(Records from a data source)
⟨
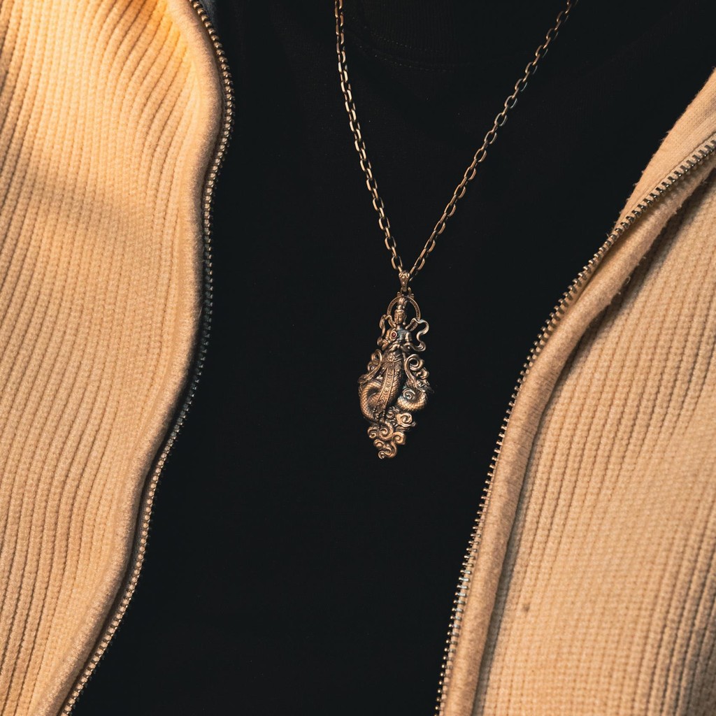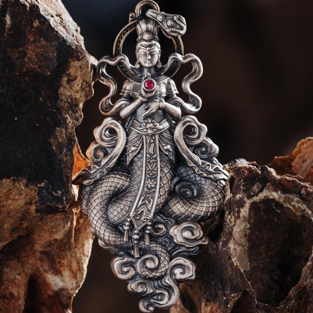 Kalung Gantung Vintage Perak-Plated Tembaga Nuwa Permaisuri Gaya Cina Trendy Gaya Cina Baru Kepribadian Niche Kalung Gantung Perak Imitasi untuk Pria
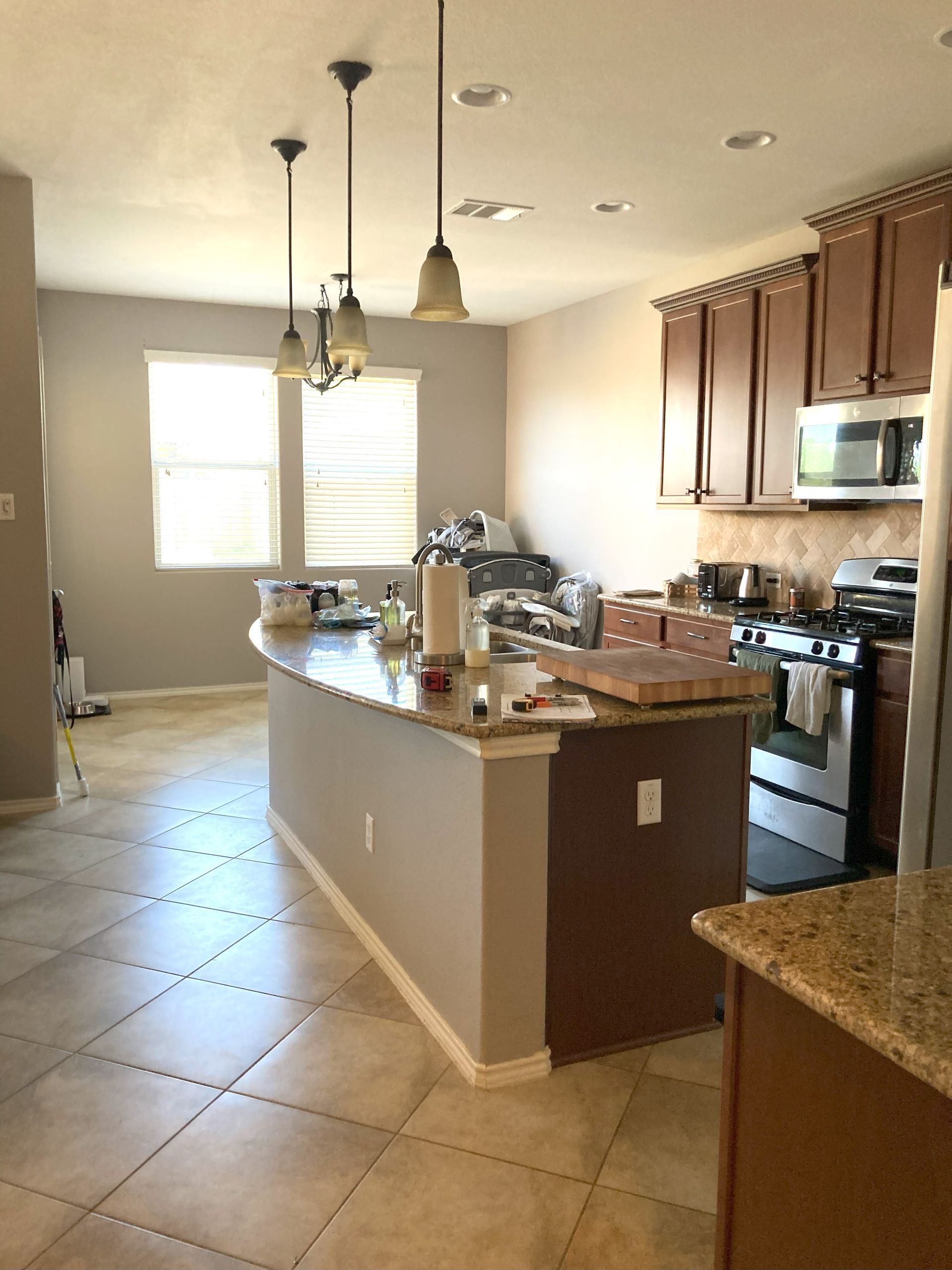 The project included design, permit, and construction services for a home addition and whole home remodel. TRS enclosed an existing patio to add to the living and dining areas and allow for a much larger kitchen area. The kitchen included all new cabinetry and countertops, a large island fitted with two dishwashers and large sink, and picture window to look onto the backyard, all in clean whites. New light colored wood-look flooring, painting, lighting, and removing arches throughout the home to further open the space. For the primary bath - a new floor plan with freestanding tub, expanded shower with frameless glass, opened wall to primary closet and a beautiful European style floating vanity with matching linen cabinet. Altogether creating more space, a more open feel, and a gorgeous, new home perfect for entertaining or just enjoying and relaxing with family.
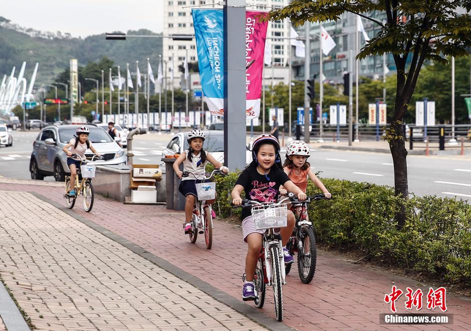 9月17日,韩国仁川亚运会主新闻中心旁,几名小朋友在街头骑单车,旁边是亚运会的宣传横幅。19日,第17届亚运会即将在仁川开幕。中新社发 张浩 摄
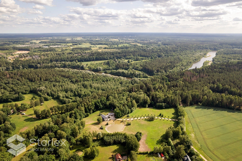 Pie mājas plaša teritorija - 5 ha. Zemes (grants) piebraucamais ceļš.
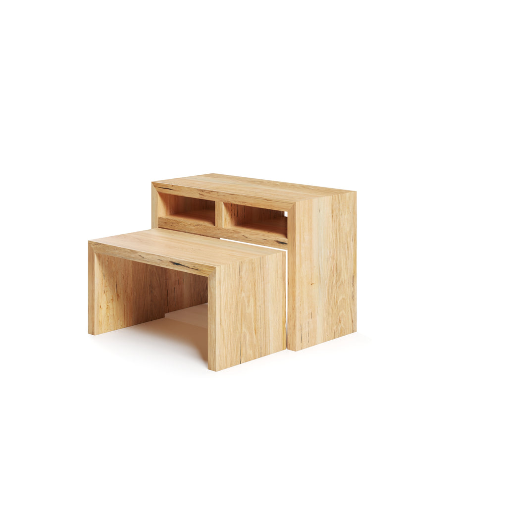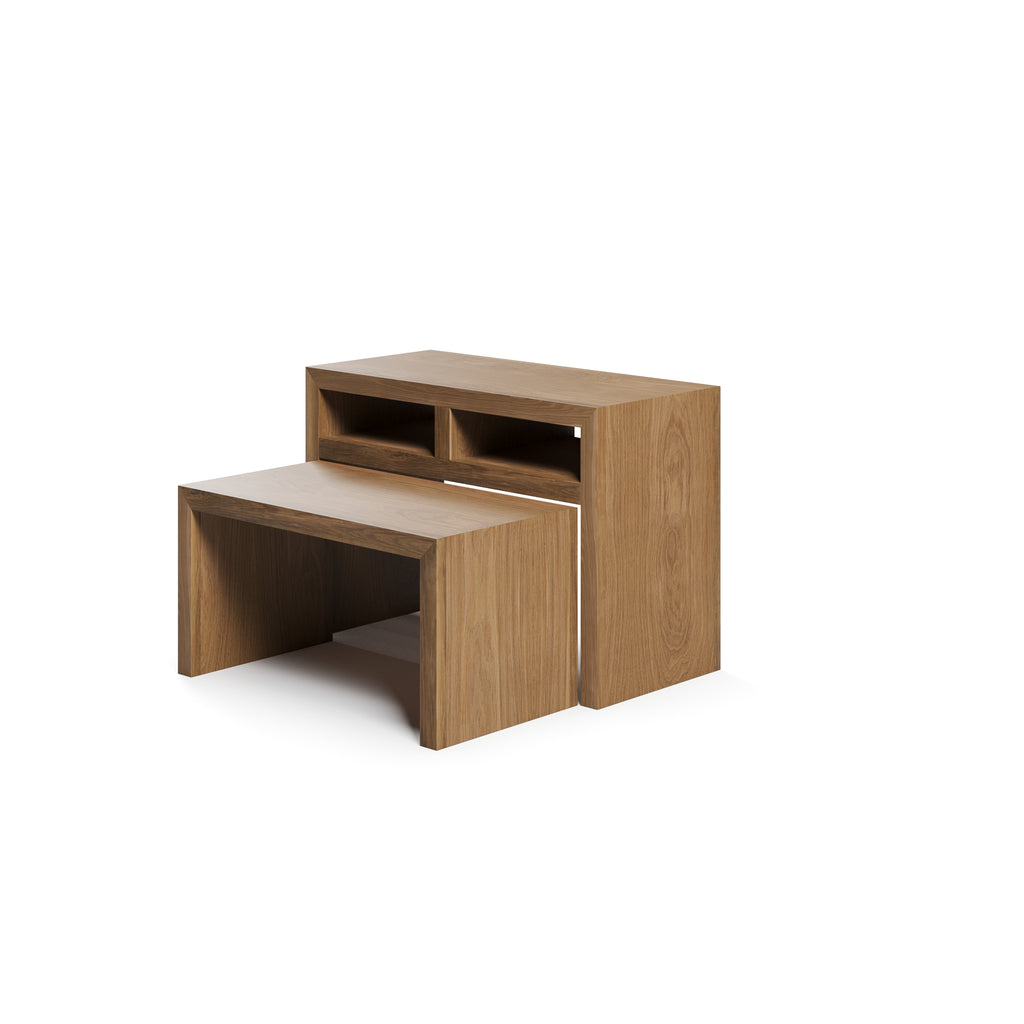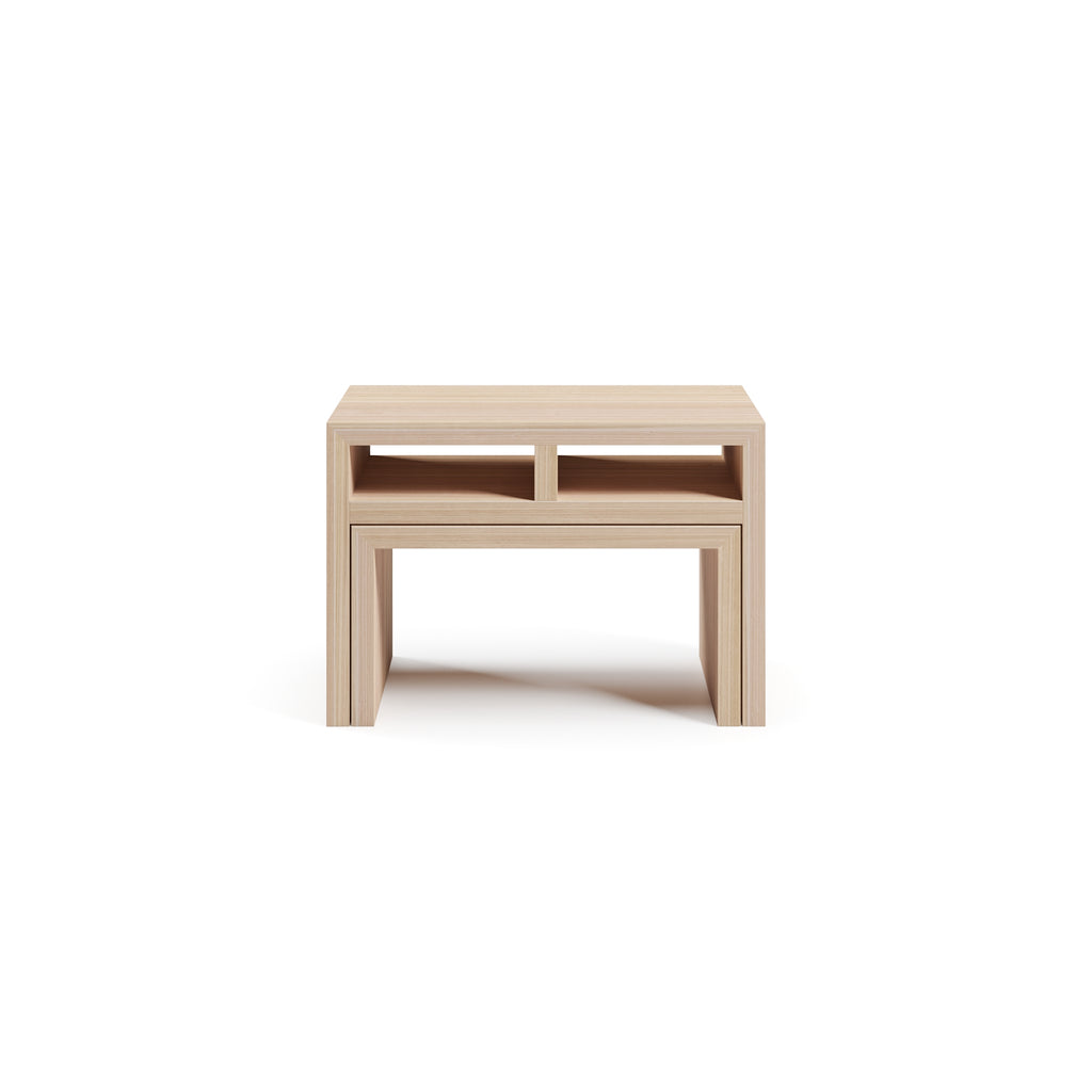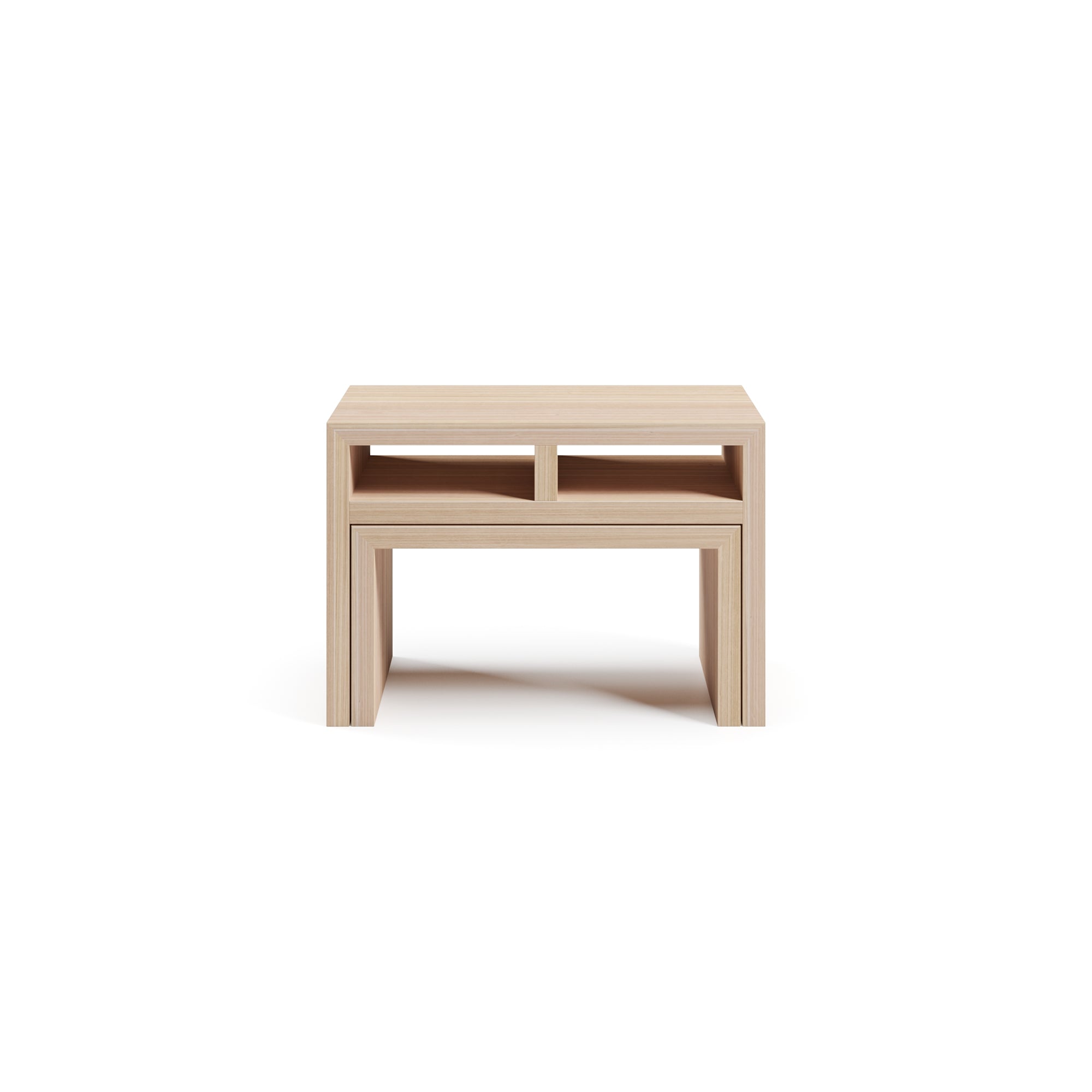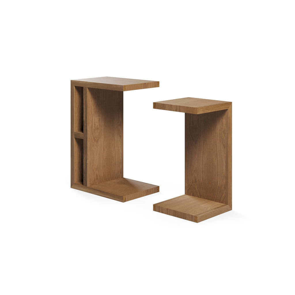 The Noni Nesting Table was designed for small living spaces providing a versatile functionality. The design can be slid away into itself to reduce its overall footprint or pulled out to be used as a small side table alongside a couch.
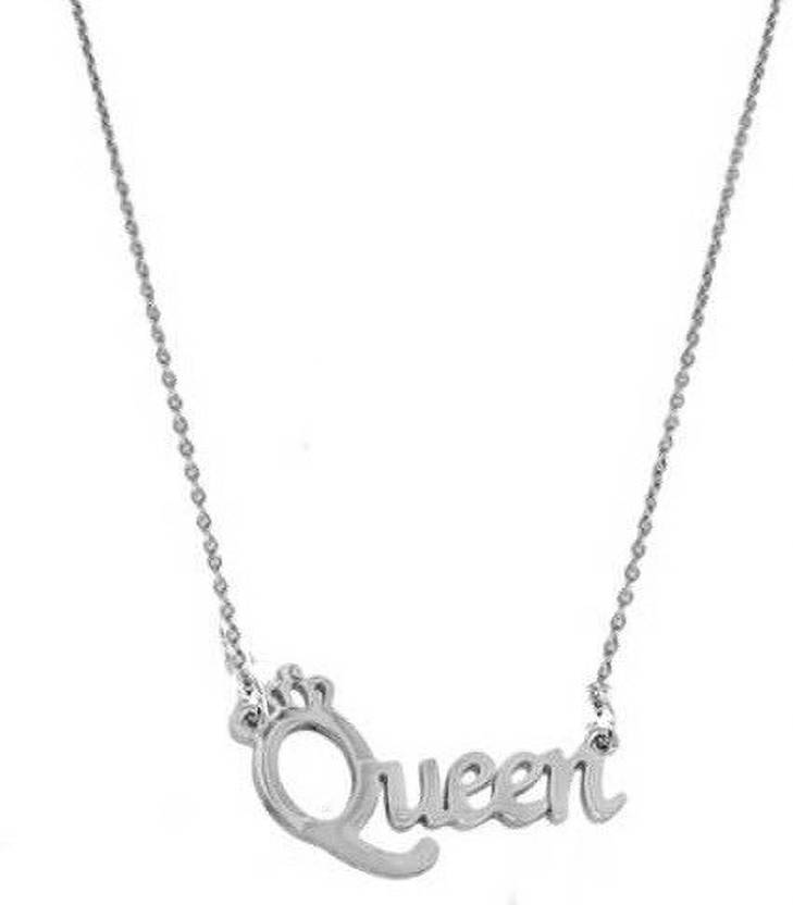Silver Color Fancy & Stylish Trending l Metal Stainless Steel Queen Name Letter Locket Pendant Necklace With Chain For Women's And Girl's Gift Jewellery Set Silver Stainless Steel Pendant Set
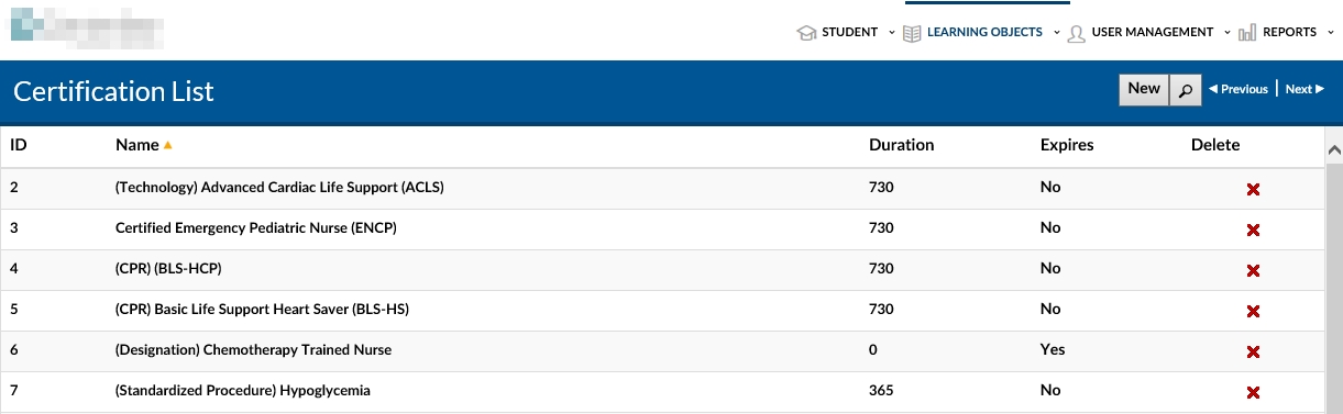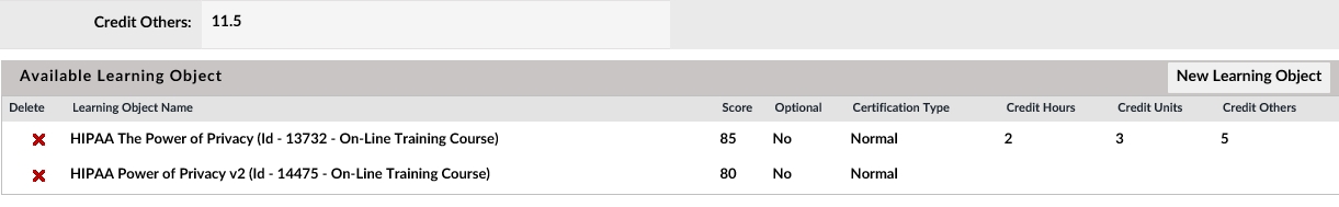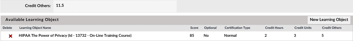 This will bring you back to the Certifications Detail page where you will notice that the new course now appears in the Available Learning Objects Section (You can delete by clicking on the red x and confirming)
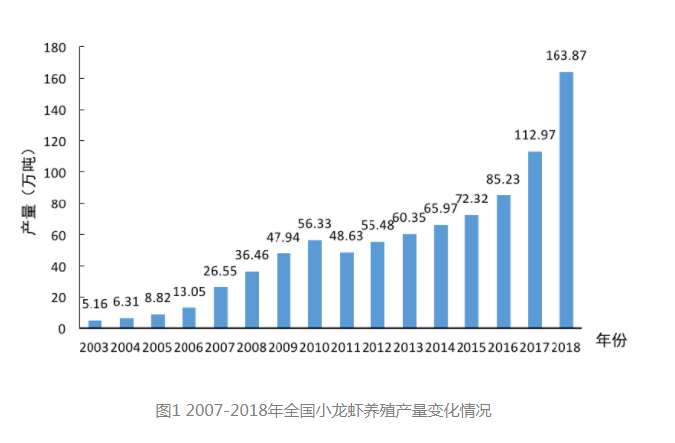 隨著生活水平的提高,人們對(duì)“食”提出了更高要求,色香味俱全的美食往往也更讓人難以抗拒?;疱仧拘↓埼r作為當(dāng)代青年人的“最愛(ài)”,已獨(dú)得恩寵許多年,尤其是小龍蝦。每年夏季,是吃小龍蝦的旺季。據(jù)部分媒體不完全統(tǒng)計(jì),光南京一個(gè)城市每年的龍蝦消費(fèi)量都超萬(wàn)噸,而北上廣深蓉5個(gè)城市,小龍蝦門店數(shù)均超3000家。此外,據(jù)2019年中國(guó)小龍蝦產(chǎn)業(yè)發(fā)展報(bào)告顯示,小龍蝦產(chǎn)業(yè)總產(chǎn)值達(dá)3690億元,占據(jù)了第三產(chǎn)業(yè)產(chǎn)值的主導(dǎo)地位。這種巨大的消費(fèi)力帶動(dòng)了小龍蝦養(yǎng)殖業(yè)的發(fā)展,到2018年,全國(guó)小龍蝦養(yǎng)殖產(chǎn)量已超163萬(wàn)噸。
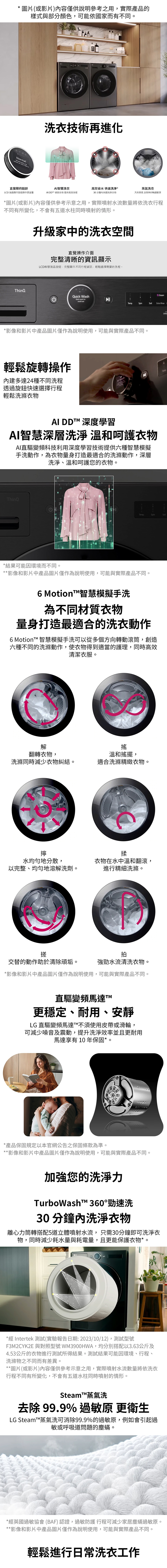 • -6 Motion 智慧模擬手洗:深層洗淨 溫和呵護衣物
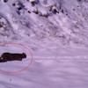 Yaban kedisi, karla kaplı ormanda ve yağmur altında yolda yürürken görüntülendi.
⟩
Please return only the lines running from the line with "The Noni Nesting" to the final line of the data, both included, exactly and without any pictures.

 The Noni Nesting Table was designed for small living spaces providing a versatile functionality. The design can be slid away into itself to reduce its overall footprint or pulled out to be used as a small side table alongside a couch.
Silver Color Fancy & Stylish Trending l Metal Stainless Steel Queen Name Letter Locket Pendant Necklace With Chain For Women's And Girl's Gift Jewellery Set Silver Stainless Steel Pendant Set
 This will bring you back to the Certifications Detail page where you will notice that the new course now appears in the Available Learning Objects Section (You can delete by clicking on the red x and confirming)
 隨著生活水平的提高,人們對(duì)“食”提出了更高要求,色香味俱全的美食往往也更讓人難以抗拒?;疱仧拘↓埼r作為當(dāng)代青年人的“最愛(ài)”,已獨(dú)得恩寵許多年,尤其是小龍蝦。每年夏季,是吃小龍蝦的旺季。據(jù)部分媒體不完全統(tǒng)計(jì),光南京一個(gè)城市每年的龍蝦消費(fèi)量都超萬(wàn)噸,而北上廣深蓉5個(gè)城市,小龍蝦門店數(shù)均超3000家。此外,據(jù)2019年中國(guó)小龍蝦產(chǎn)業(yè)發(fā)展報(bào)告顯示,小龍蝦產(chǎn)業(yè)總產(chǎn)值達(dá)3690億元,占據(jù)了第三產(chǎn)業(yè)產(chǎn)值的主導(dǎo)地位。這種巨大的消費(fèi)力帶動(dòng)了小龍蝦養(yǎng)殖業(yè)的發(fā)展,到2018年,全國(guó)小龍蝦養(yǎng)殖產(chǎn)量已超163萬(wàn)噸。
 • -6 Motion 智慧模擬手洗:深層洗淨 溫和呵護衣物
 Yaban kedisi, karla kaplı ormanda ve yağmur altında yolda yürürken görüntülendi.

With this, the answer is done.